§ About this task: Write out every entry precisely as given, leaving the pictures out.

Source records
☆ ☆ ☆ ☆ ☆ ☆ ☆
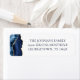 Elegant marinblått och guld agate dekorerar sidan av den moderna returadressetiketten. Gorgligt marmorerat blått med guld gräns bredvid ditt namn och adress.
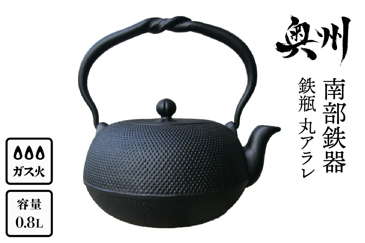 南部鉄器 鉄瓶 丸アラレ 0.8L 【 及甚 作】 直火 ガスレンジ 伝統工芸品 アラレ模様 やかん ケトル キッチン用品 食器 日用品 雑貨
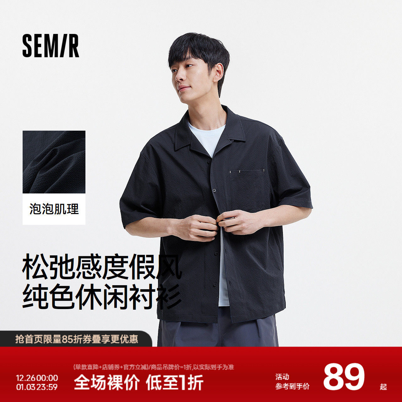 森马短袖衬衫男松弛肌理感度假风衬衣2025夏新款上衣纯色百搭宽松
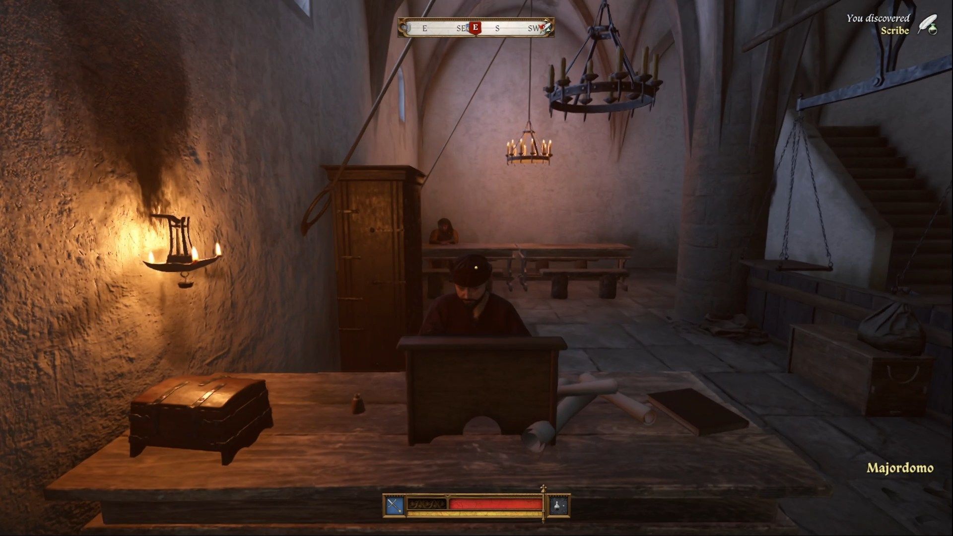 Ubierzcie się w otrzymany strój pacholika i porozmawiajcie z majordomem w ratuszu nieopodal - wybierzcie jedną z wymówek, czemu Franek nie jest w stanie dziś pracować. Majordom wytłumaczy wam, na czym polegać mają wasze obowiązki - stać obok stołu z winem, polewać radnym tylko, kiedy o to proszą, pod żadnym względem nie polewać panu Adamowi, robić wszystko, o co poproszą was radni i nie zadawać zbędnych pytań ani nie szukać wymówek. Gdy będziecie gotowi, potwierdźcie swoją gotowość majordomowi.
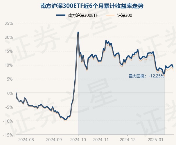 本站消息,1月22日,南方沪深300ETF最新单位净值为3.8199元,累计净值为1.719元,较前一交易日下跌0.91%。历史数据显示该基金近1个月下跌3.22%,近3个月下跌3.81%,近6个月上涨8.99%,近1年上涨21.31%。该基金近6个月的累计收益率走势如下图:
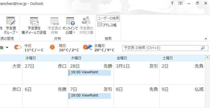 予定表でも予定表一覧画面の右上に検索ボックスが配置されています。
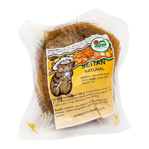 Rastlinná alternatíva mäsa. Seitan je ručne vyrobený z pšeničnej múky, ochutený sójovou omáčkou, zeleninou a korením. Výhodou je kratšia časová príprava než pri bežnom mäse. Môžeme ho použiť do gulášov, na plátky alebo kocky do omáčok, aj na vyprážanie.
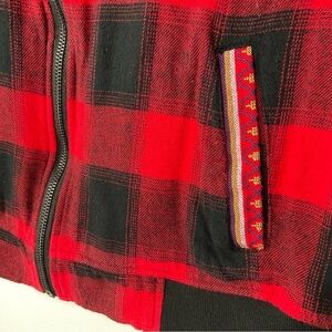 Ruff Hewn brand light cotton Spring jacket with red and black lumberjack plaid in a bomber style. Small, with gorgeous embroidered back and pockets detail. Western Boho Navaho Cowgirl Gorpcore Punk, this coat has it all
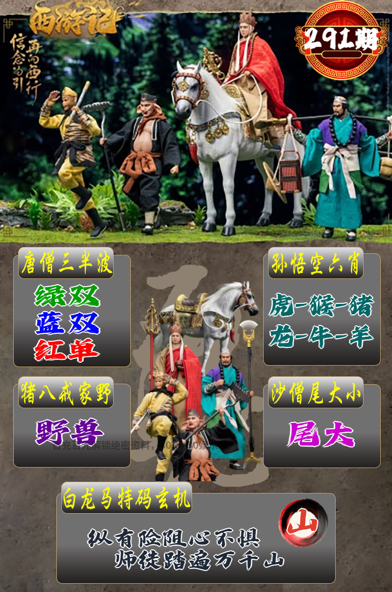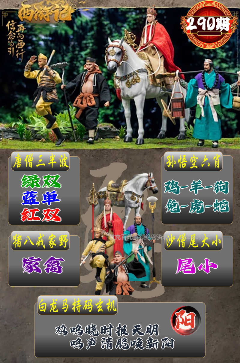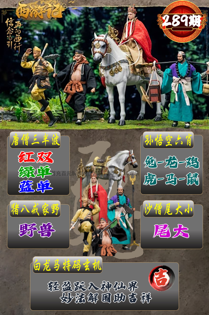 292期:解西游记转寄【道】 白龙马玄机:夜深四野风吹响,狗守家园守正道。 孙悟空六肖:狗马鸡鼠猪兔 唐僧三半波:绿单+蓝单+红双 猪八戒家野:家禽 沙僧尾大小:尾小 |
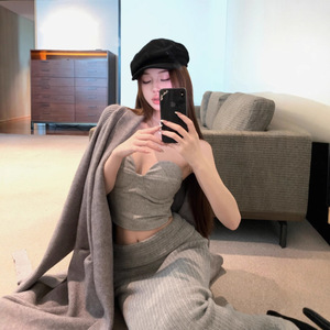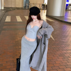 RHGD实拍2025格雷系列/秋冬设计感抹胸上衣+翻边半身裙外套套装
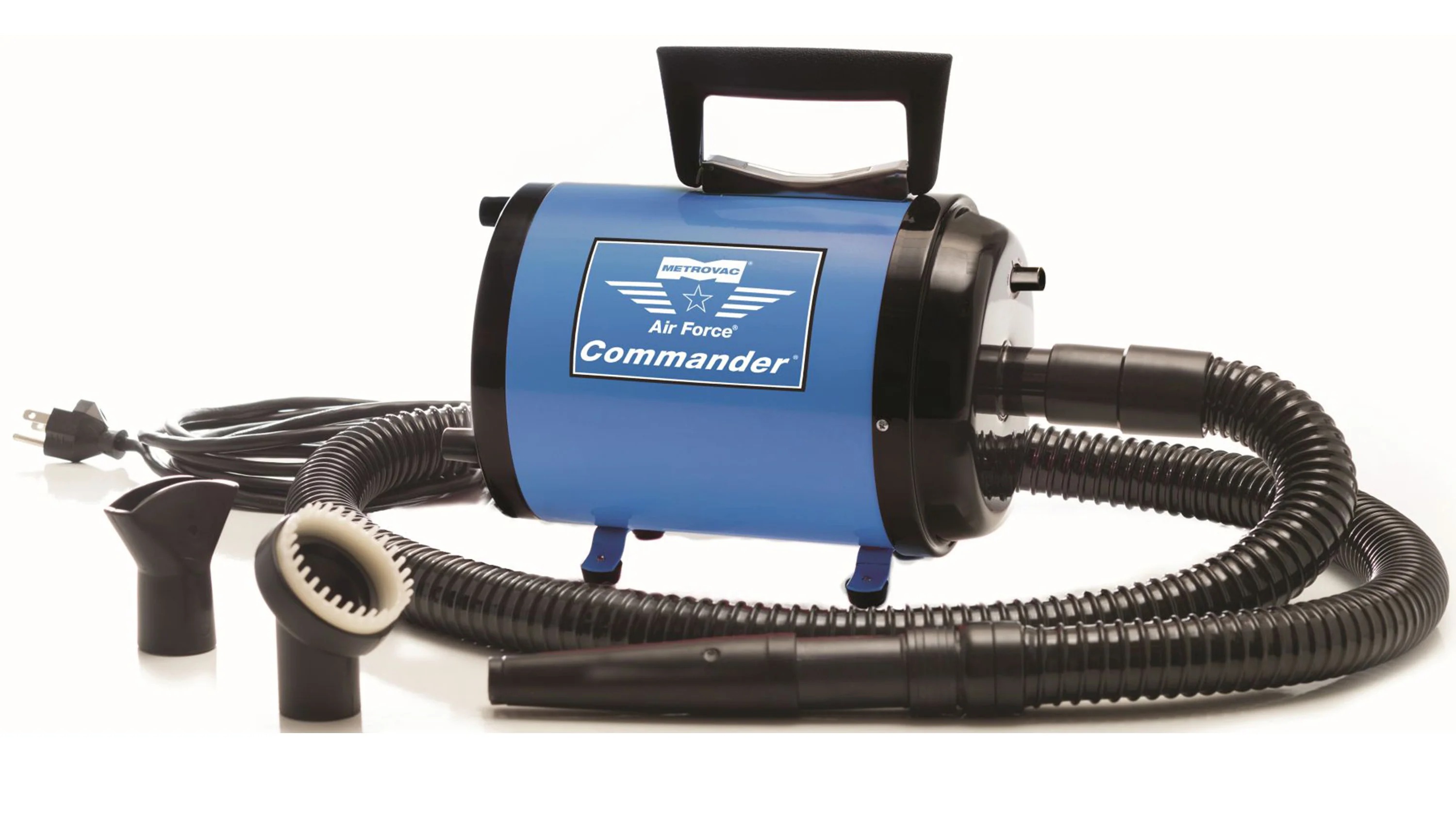 Product Description AFTD-2B: AIR FORCE COMMANDER TWO SPEED DRYER - BLUE Two Speed 1.7 Peak H.P. Floor/Table Power Unit. 6 FT. Flexible Hose w/Air flow Control, Air Concentrator, Air Flare, Groomer Rake.
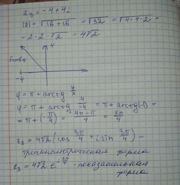 Запишите комплексное число z₃ = -4 + 4i в тригонометрической и показательной форме.
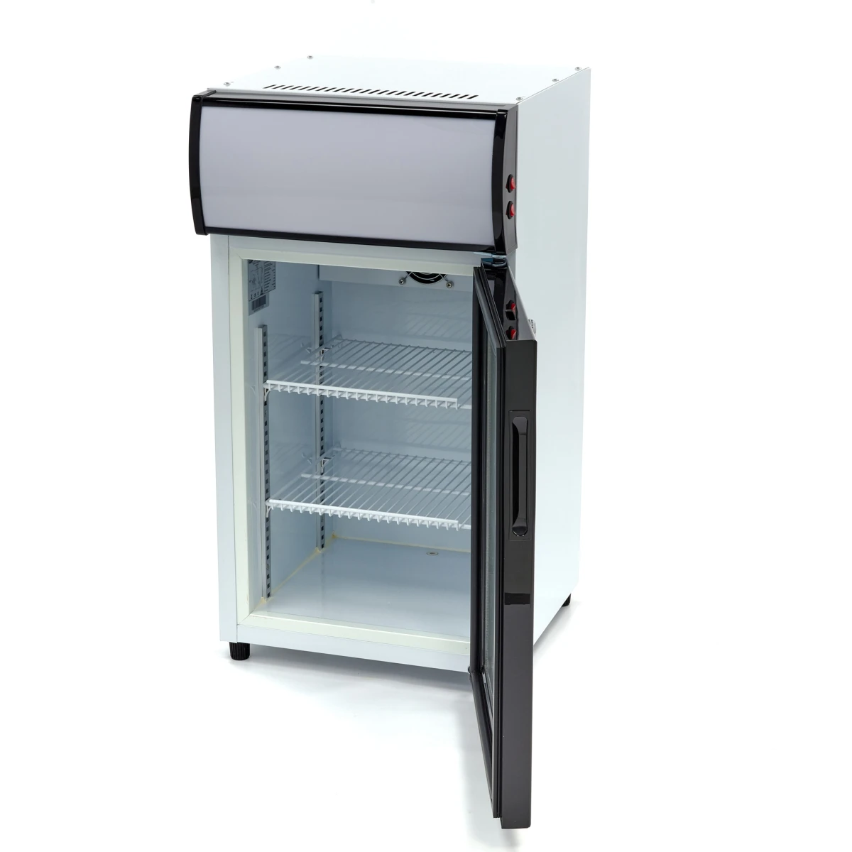 Mit Hilfe dieses professionellen Getränkekühlschranks können Sie Ihren Kunden zeigen, welche Getränke oder Snacks Sie im Angebot haben. Es handelt sich um ein handliches und kompaktes Tischmodell mit LED-Beleuchtung im Inneren, die Ihnen hilft, Ihr Angebot zu präsentieren. Er kann auch für belegte Brötchen oder andere Lebensmittel verwendet werden. Der Getränkekühlschrank hat eine Flügeltür mit Doppelverglasung, die den Zugang erleichtert und die Getränke kühl hält. Außerdem ist die Tür mit einem Schloss versehen, um sie geschlossen zu halten und zu verhindern, dass sich Kunden selbst bedienen. Das beleuchtete Display kann zu Werbezwecken genutzt werden.
☆ ☆ ☆ ☆ ☆ ☆ ☆
§ The answer:
 Elegant marinblått och guld agate dekorerar sidan av den moderna returadressetiketten. Gorgligt marmorerat blått med guld gräns bredvid ditt namn och adress.
 南部鉄器 鉄瓶 丸アラレ 0.8L 【 及甚 作】 直火 ガスレンジ 伝統工芸品 アラレ模様 やかん ケトル キッチン用品 食器 日用品 雑貨
 森马短袖衬衫男松弛肌理感度假风衬衣2025夏新款上衣纯色百搭宽松
 Ubierzcie się w otrzymany strój pacholika i porozmawiajcie z majordomem w ratuszu nieopodal - wybierzcie jedną z wymówek, czemu Franek nie jest w stanie dziś pracować. Majordom wytłumaczy wam, na czym polegać mają wasze obowiązki - stać obok stołu z winem, polewać radnym tylko, kiedy o to proszą, pod żadnym względem nie polewać panu Adamowi, robić wszystko, o co poproszą was radni i nie zadawać zbędnych pytań ani nie szukać wymówek. Gdy będziecie gotowi, potwierdźcie swoją gotowość majordomowi.
 本站消息,1月22日,南方沪深300ETF最新单位净值为3.8199元,累计净值为1.719元,较前一交易日下跌0.91%。历史数据显示该基金近1个月下跌3.22%,近3个月下跌3.81%,近6个月上涨8.99%,近1年上涨21.31%。该基金近6个月的累计收益率走势如下图:
 予定表でも予定表一覧画面の右上に検索ボックスが配置されています。
 Rastlinná alternatíva mäsa. Seitan je ručne vyrobený z pšeničnej múky, ochutený sójovou omáčkou, zeleninou a korením. Výhodou je kratšia časová príprava než pri bežnom mäse. Môžeme ho použiť do gulášov, na plátky alebo kocky do omáčok, aj na vyprážanie.
 Ruff Hewn brand light cotton Spring jacket with red and black lumberjack plaid in a bomber style. Small, with gorgeous embroidered back and pockets detail. Western Boho Navaho Cowgirl Gorpcore Punk, this coat has it all
 292期:解西游记转寄【道】 白龙马玄机:夜深四野风吹响,狗守家园守正道。 孙悟空六肖:狗马鸡鼠猪兔 唐僧三半波:绿单+蓝单+红双 猪八戒家野:家禽 沙僧尾大小:尾小 |
 RHGD实拍2025格雷系列/秋冬设计感抹胸上衣+翻边半身裙外套套装
 Product Description AFTD-2B: AIR FORCE COMMANDER TWO SPEED DRYER - BLUE Two Speed 1.7 Peak H.P. Floor/Table Power Unit. 6 FT. Flexible Hose w/Air flow Control, Air Concentrator, Air Flare, Groomer Rake.
 Запишите комплексное число z₃ = -4 + 4i в тригонометрической и показательной форме.
 Mit Hilfe dieses professionellen Getränkekühlschranks können Sie Ihren Kunden zeigen, welche Getränke oder Snacks Sie im Angebot haben. Es handelt sich um ein handliches und kompaktes Tischmodell mit LED-Beleuchtung im Inneren, die Ihnen hilft, Ihr Angebot zu präsentieren. Er kann auch für belegte Brötchen oder andere Lebensmittel verwendet werden. Der Getränkekühlschrank hat eine Flügeltür mit Doppelverglasung, die den Zugang erleichtert und die Getränke kühl hält. Außerdem ist die Tür mit einem Schloss versehen, um sie geschlossen zu halten und zu verhindern, dass sich Kunden selbst bedienen. Das beleuchtete Display kann zu Werbezwecken genutzt werden.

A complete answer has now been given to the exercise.